This question came up on a preliminary exam:
Define $$g(s,t)=(x(s,t),y(s,t))=(\cos(s)+\cos(t),\sin(s)+\sin(t)),$$ on the region $-\pi<s<\pi$, $s<t<s+\pi$. (The function $g$ is one-to-one on this region). Suppose $\omega$ is a $1$-form defined on the image of $g$ such that $\omega(g(s,t))=-\sin(t)\,dx+\cos(t)\,dy$. Show that for any region $R$ in the image of $g$ whose boundary $\partial R$ is a closed curve, we have $$\int_{\partial R}\omega = \pm\text{Area}(R).$$
My reaction to this problem is that if we knew $d\omega=1$, then we could use Stokes' theorem and be done (the $\pm$ is probably just because $\partial R$ doesn't have a defined orientation). But beyond that, I think I am making some mistake with the notation. If I simply try to substitute in the $s,t$-expressions for $x$ and $y$, to make the expression for $\omega$ depend only on $s$ and $t$, I get $\omega=dt+\cos(s-t)\,ds$.

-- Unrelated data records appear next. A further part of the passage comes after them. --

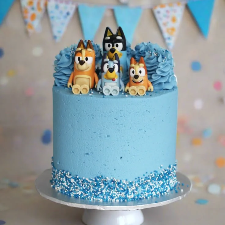 Bluey themed light blue birthday cake with 3D character figures and blue and white sprinkles at the base.
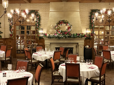 ホリデーシーズンになると店内が特別にデコレーションされます。さらに聖歌隊が各テーブルをまわってリクエストに応えて歌ってくれます。
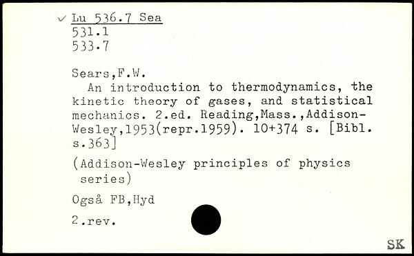 An introduction to thermodynamics, the kinetic theory of gases, and statistical mechanics.
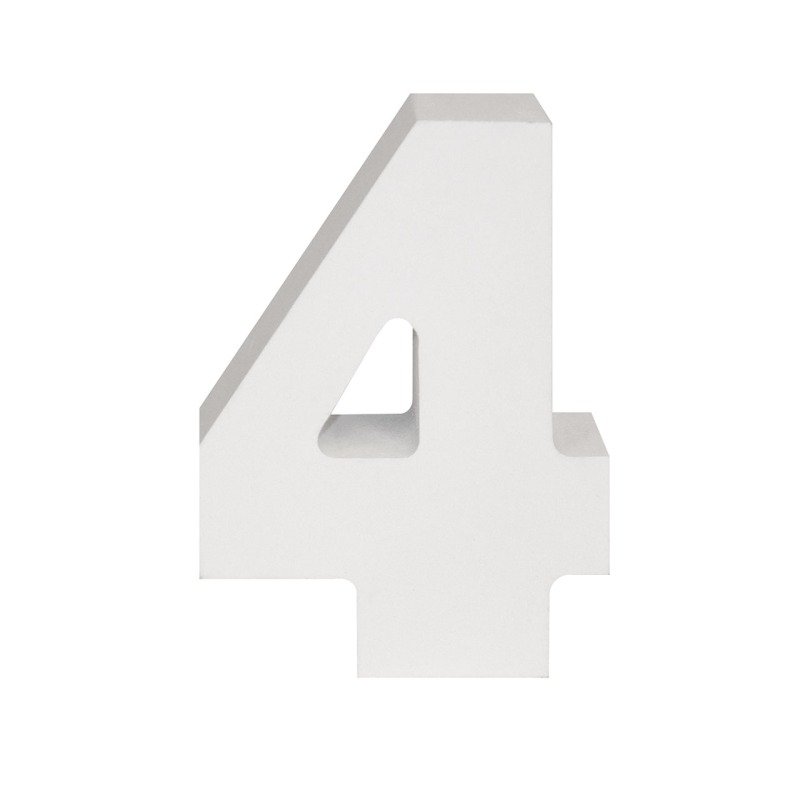 AP Letra Decorativa MDF – núm. 4 15×28 Blanca | Letra Madera Mdf (certificada FSC) para pared y sobremesa
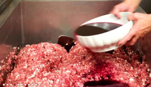 ♦ Malaxage – la chair est préparée en malaxant de façon homogène la viande, la graisse et le mélange de salaison, à base de sel marin, de grains de poivre et d’une infusion d’ail et de vin rouge filtrée. Le rapport graisse/viande maigre ne doit pas dépasser 30% du mélange ; il est interdit d’utiliser des adjuvants non prévus par le cahier des charges;
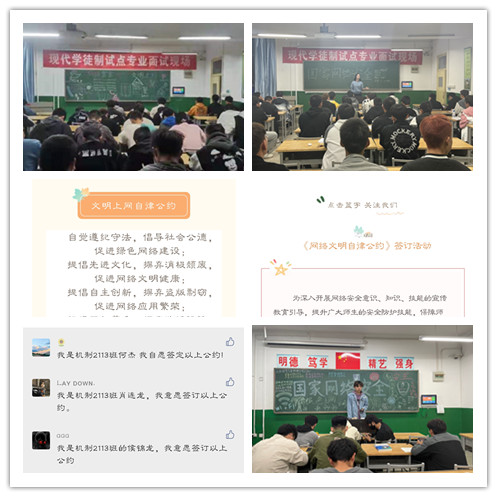 根据《关于开展2021年“国家网络安全宣传周”的通知》要求,机械工程学院开展了“共建安全绿色网络,奏响和谐网络之音”青年学生签订《网络文明自律公约》活动,并于10月24日在各班晚自习教室开展了“守护网络安全,构建和谐校园”网络安全线上“云课堂”主题班会。
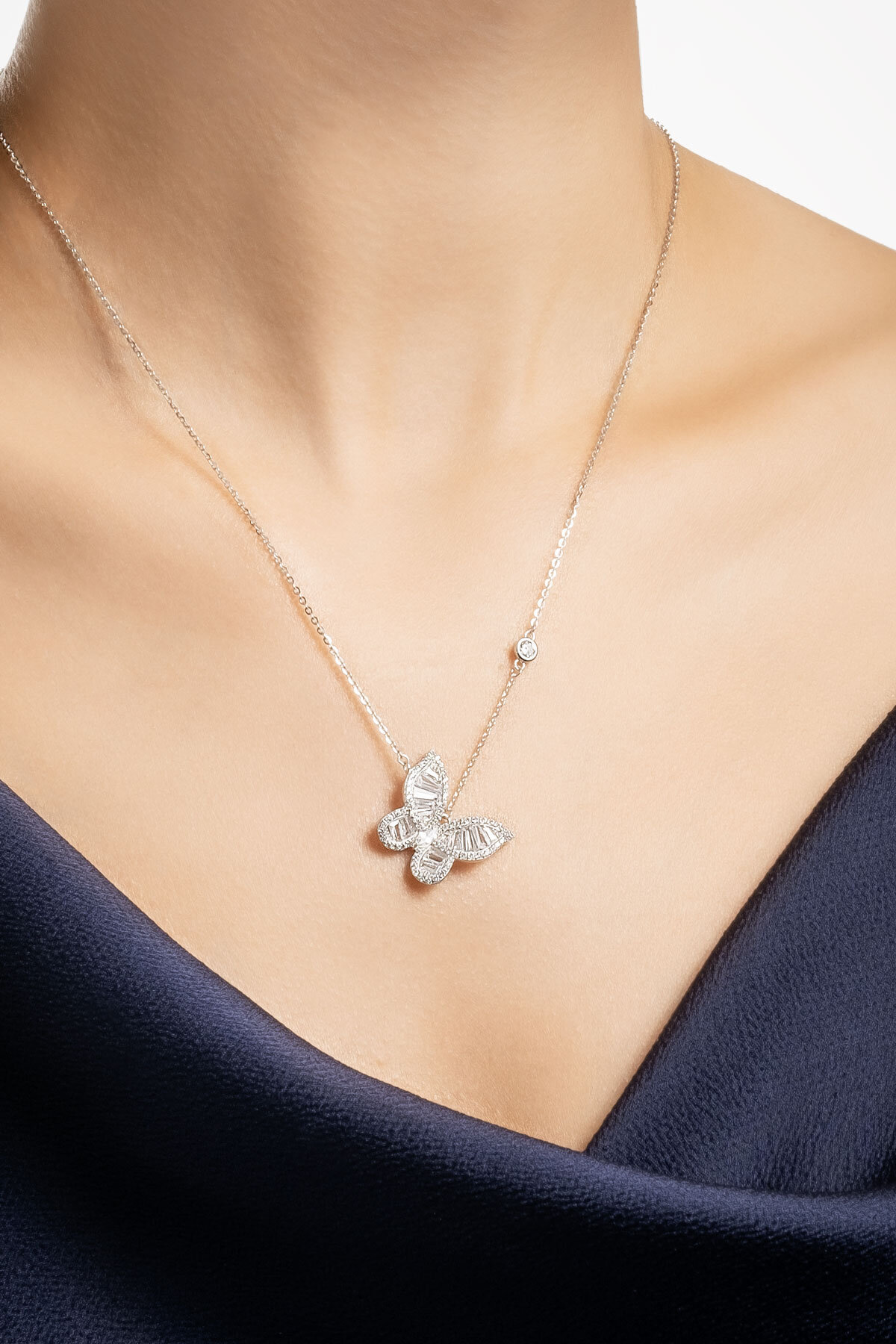 Kelebek kolye, özgürlüğün ve dönüşümün simgesi olarak zarif bir tasarıma sahiptir. Kelebeklerin hafifliği ve güzelliği, bu kolyede hayat bulurken her bir detayı, umut ve yeni başlangıçların özünü taşır.
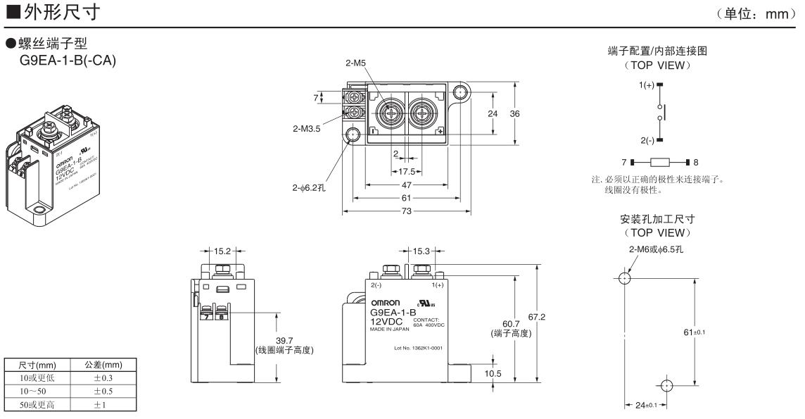 高67.2mm×寬36mm×長(zhǎng)73mm的小型繼電器,可以開關(guān)DC400V 60A。(最大可切斷DC300V 600A)
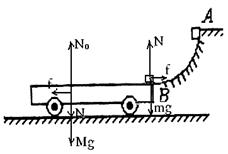 1、计算题 一个平板小车置于光滑水平面上,其右端恰好和一个1/4光滑圆弧轨道AB的底端等高对接,如图所示。已知小车质量M=2kg,小车足够长,圆弧轨道半径R=0.8m。现将一质量m=0.5kg的小滑块,由轨道顶端A点无初速释放,滑块滑到B端后冲上小车。滑块与小车上表面间的动摩擦因数μ=0.2,g取10m/s2。求:

(Related?: You can't generally integrate $\omega$ over $\partial R$, right? You need to pull back by $g$; my impression is that this is the formality behind the "substitution", but maybe I'm missing something serious.)
Eric, first of all, $\omega$ is a $1$-form on the image of $g$ and $R$ is a region contained in the image of $g$, so it certainly makes sense to integrate $\omega$ over $\partial R$.
Here's what I suggest:
(1) Compute $g^*\omega$ (you should get $\cos(s-t)\,ds + dt$).
(2) Compute $d(g^*\omega)$ and $g^*(dx\wedge dy)$. How do they compare?
(3) Using the fact that $g$ is one-to-one and $g^*$ is likewise, what can you now conclude?